Сам хан Улькер-каан восседал на золотом троне с тремя ступеньками. Глаза его — спокойные озёра, нос — ровная гора; усы закинуты за плечи, борода до колен.

Низко-низко братья ему поклонились.

Улькер-каан правую бровь поднял, левый глаз прищурил:

— Вы, семеро, безлошадные, вы, семеро, бездомные! Мой шатёр земным духом не поганьте, овчинными тулупами моих гостей не смешите!

Семь дней, семь ночей стояли братья, дары свои предлагая.

Улькер-каан не хотел их слов слушать, на подарки не смотрел.

— Земные жители, обратно на землю идите!

Но братья стоят, прямые и крепкие, как лиственницы, сильные, как бурые медведи, дружные, как серые волки:

— Работу осилим, какую пожелаете, службу сослужим, какую прикажете. Даров наших не отвергайте, просьбу нашу выслушайте: мы сватать пришли дочь вашу Алтын-Солоны.

Улькер-каан в ответ усмехнулся:

— Костёр, из двух смолистых ветвей сложенный, будет жарко гореть, детям двух небесных ханов хорошо будет в одном шатре жить. Молодой Темир-Мизе-богатырь и юная Алтын-Солоны друг для друга созданы, друг другу отцами их обещаны.

Сунули братья шапки под мышки, ещё ниже поклонились:

— Скажете полдневное высокое солнце достать — достанем, повелите десятидневную луну к порогу прикатить — прикатим.

— Ну, ладно, — вздохнул Улькер-каан, — одолейте чёрного марала, у которого на рогах семьдесят отростков. Своими рогами этот марал звёзды с неба снимает, себе под ноги швыряет и топчет передними копытами. Живёт тот марал у берега семи морей, у подножья семидесяти гор с семьюдесятью отрогами. Кто маральи рога принесёт и поставит их перед моим шатром, вместо коновязи, кто из шкуры марала аркыт-мешок для кислого молока сошьёт, тот получит Алтын-Солоны.

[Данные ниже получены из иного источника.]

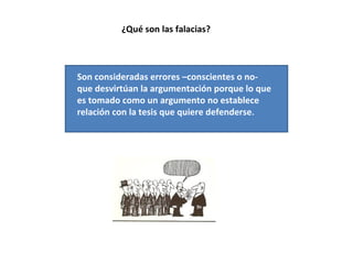 El documento habla sobre las falacias en la argumentación. Explica que las falacias son errores que desvirtúan un argumento al no establecer una relación válida con la tesis que se defiende. Describe varios tipos de falacias como las emocionales, las de generalización apresurada y las que apelan a la ignorancia o amenazas. Finalmente, menciona que detectar falacias permite rebatir argumentos de forma más sólida exigiendo que sean creíbles, tengan relación con la tesis y sean suficient

Семиголовый Дьелбеген-людоед прежде всех с белой кошмы поднялся. Он выбежал на зелёный луг, поймал своего синего быка, ухватился за кривые рога и вскочил на широкое седло, чеканенное серебром и бронзой. Яростно крича, свирепо свистя, быка кулаками подбадривая, быстрей волшебной Каан-Кередэ-птицы мчался Дьелбеген-людоед к берегу семи морей, к подножью семидесяти гор с семьюдесятью отрогами.

Сын небесного царя Темир-Мизе-богатырь, размахивая восьмихвостной плетью, скакал быстрее ветра на сером, как железо, коне.

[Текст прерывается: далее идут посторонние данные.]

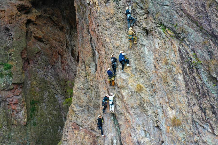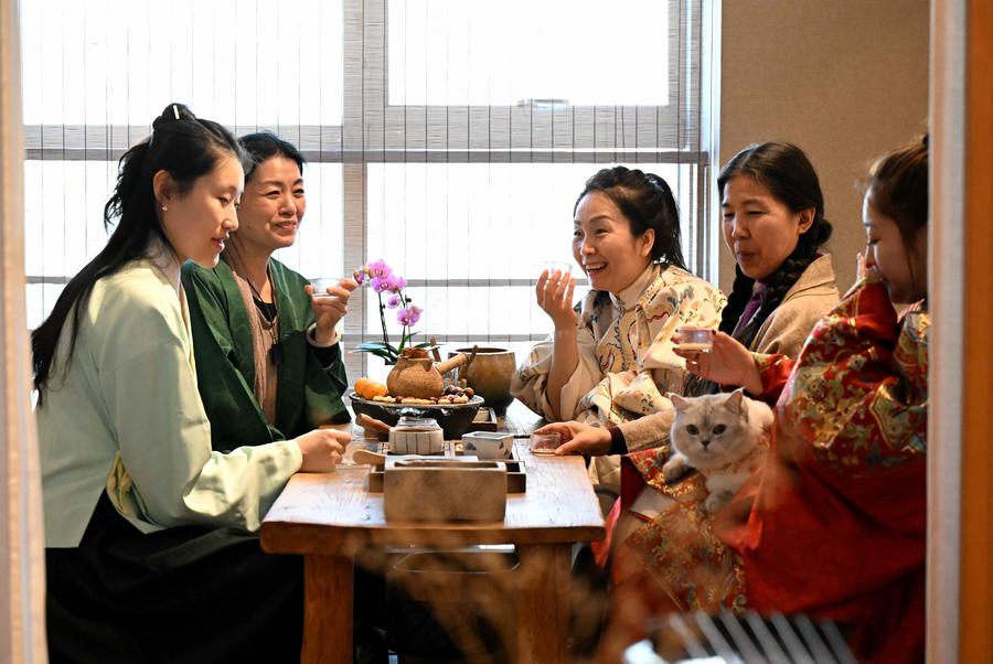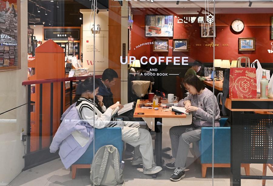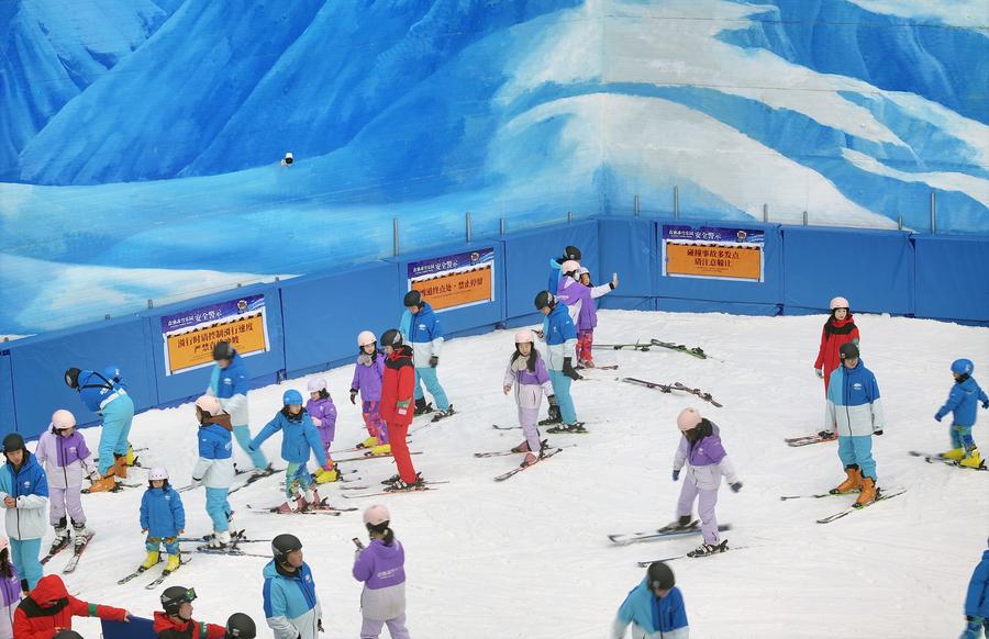 People experience water sports in Sanya, south China's Hainan Province, on Feb. 15, 2024. (Photo by Sha Xiaofeng/Xinhua)Citizens read books at a bookstore in Xiqing District, north China's Tianjin, on Feb. 16, 2024. (Xinhua/Li Ran)Tourists wearing traditional costumes visit a scenic area in Xiangyang, central China's Hubei Province, Feb. 13, 2024. (Photo by Yang Dong/Xinhua)People visit the Anhui Geological Museum in Hefei, east China's Anhui Province, Feb. 16, 2024. (Xinhua/Zhou Mu)Tourists wearing costumes pose for photos in Harbin, northeast China's Heilongjiang Province, Feb. 16, 2024. (Xinhua/Wang Jianwei)A drone photo taken on Feb. 16, 2024 shows people learning to ski at an indoor ice and snow park in Chongchuan District of Nantong City, east China's Jiangsu Province. (Photo by Xu Congjun/Xinhua)A tourist visits Anhui Science and Technology Museum in Hefei, east China's Anhui Province, Feb. 16, 2024. (Xinhua/Cao Li)People enjoy tea and music in a club in Qiaoxi District of Shijiazhuang, north China's Hebei Province, on Feb. 16, 2024. (Photo by Chen Qibao/Xinhua)Young couple Guo Zhengzhang (R) and Jiao Dongyan make a rocking chair at a woodworking workshop in Liaocheng, east China's Shandong Province, on Feb. 16, 2024. They learned woodworking skills during this Spring Festival holiday and tried to jointly make a rocking chair. (Photo by Zhang Zhenxiang/Xinhua)A person paraglides in Yuanshi County of Shijiazhuang City, north China's Hebei Province, Feb. 14, 2024. (Xinhua/Wang Xiao)Tourists experience rock climbing at Yandang Mountain in Wenzhou, east China's Zhejiang Province, on Feb. 16, 2024. (Photo by Liu Zhenqing/Xinhua)People practice yoga at a yoga club in Tancheng County of Linyi, east China's Shandong Province, on Feb. 16, 2024. (Photo by Zhang Chunlei/Xinhua)Young people pose for their New Year portraits in Shinan District of Qingdao, east China's Shandong Province, on Feb. 16, 2024. (Photo by Wang Haibin/Xinhua)Basketball enthusiasts pose for photos with Chinese basketball player Li Yuan (L, front) after a match in Xi'an, northwest China's Shaanxi Province, Feb. 11, 2024. (Xinhua/Li Yibo)People enjoy skiing in Yuanshi County of Shijiazhuang City, north China's Hebei Province, Feb. 14, 2024. (Xinhua/Wang Xiao)Citizens play basketball in a gymnasium in Yantai, east China's Shandong Province, on Feb. 16, 2024. (Photo by Tang Ke/Xinhua)■

Кобон-Очун силач, сине-серого коня не щадя, летел, как стрела, пущенная с тугой тетивы.

Семь братьев, на семь медных посохов опираясь, позади всех пешком, не спеша идут. Семь пеших братьев за семь шагов семь верст позади себя оставляют. За семь дней семеро братьев на семь переходов обогнали Дьелбегена.

Людоед Дьелбеген от злости совсем коричневый стал:

— У-у-у! Этих братьев я догоню-у-у! Этих братьев я проглочу-у-у!

И вот братья уже слышат тяжёлый бег быка, уже видят впереди себя на дороге тень бычьих рогов.

Старший брат вытянул шею, заглотил горное озеро и выплюнул его на дорогу.

Но уже слышен топот серого, как железо, коня, уже видна на дороге тень восьмихвостой плети Темир-Мизе богатыря.

Второй брат протянул руку к горному кряжу, выдернул лесистую гору и выставил её на дорогу.

Но уже слышен звон сбруи сине-серого коня, видна на дороге тень железной трубки Кобон-Очуна силача.

Третий брат поднял тысячепудовый гранитный валун, сжал в кулаке и швырнул на дорогу острые осколки.

Семеро братьев первыми пришли к берегу семи морей, четвёртый брат взбежал на семьдесят гор с семьюдесятью отрогами.

Спасаясь от крика, каким четвёртый брат кричал, убегая от топота, каким четвёртый топал, чёрный марал выскочил на самый высокий утёс семидесятого отрога. Голова его — выше туч, рога за звёзды цепляются.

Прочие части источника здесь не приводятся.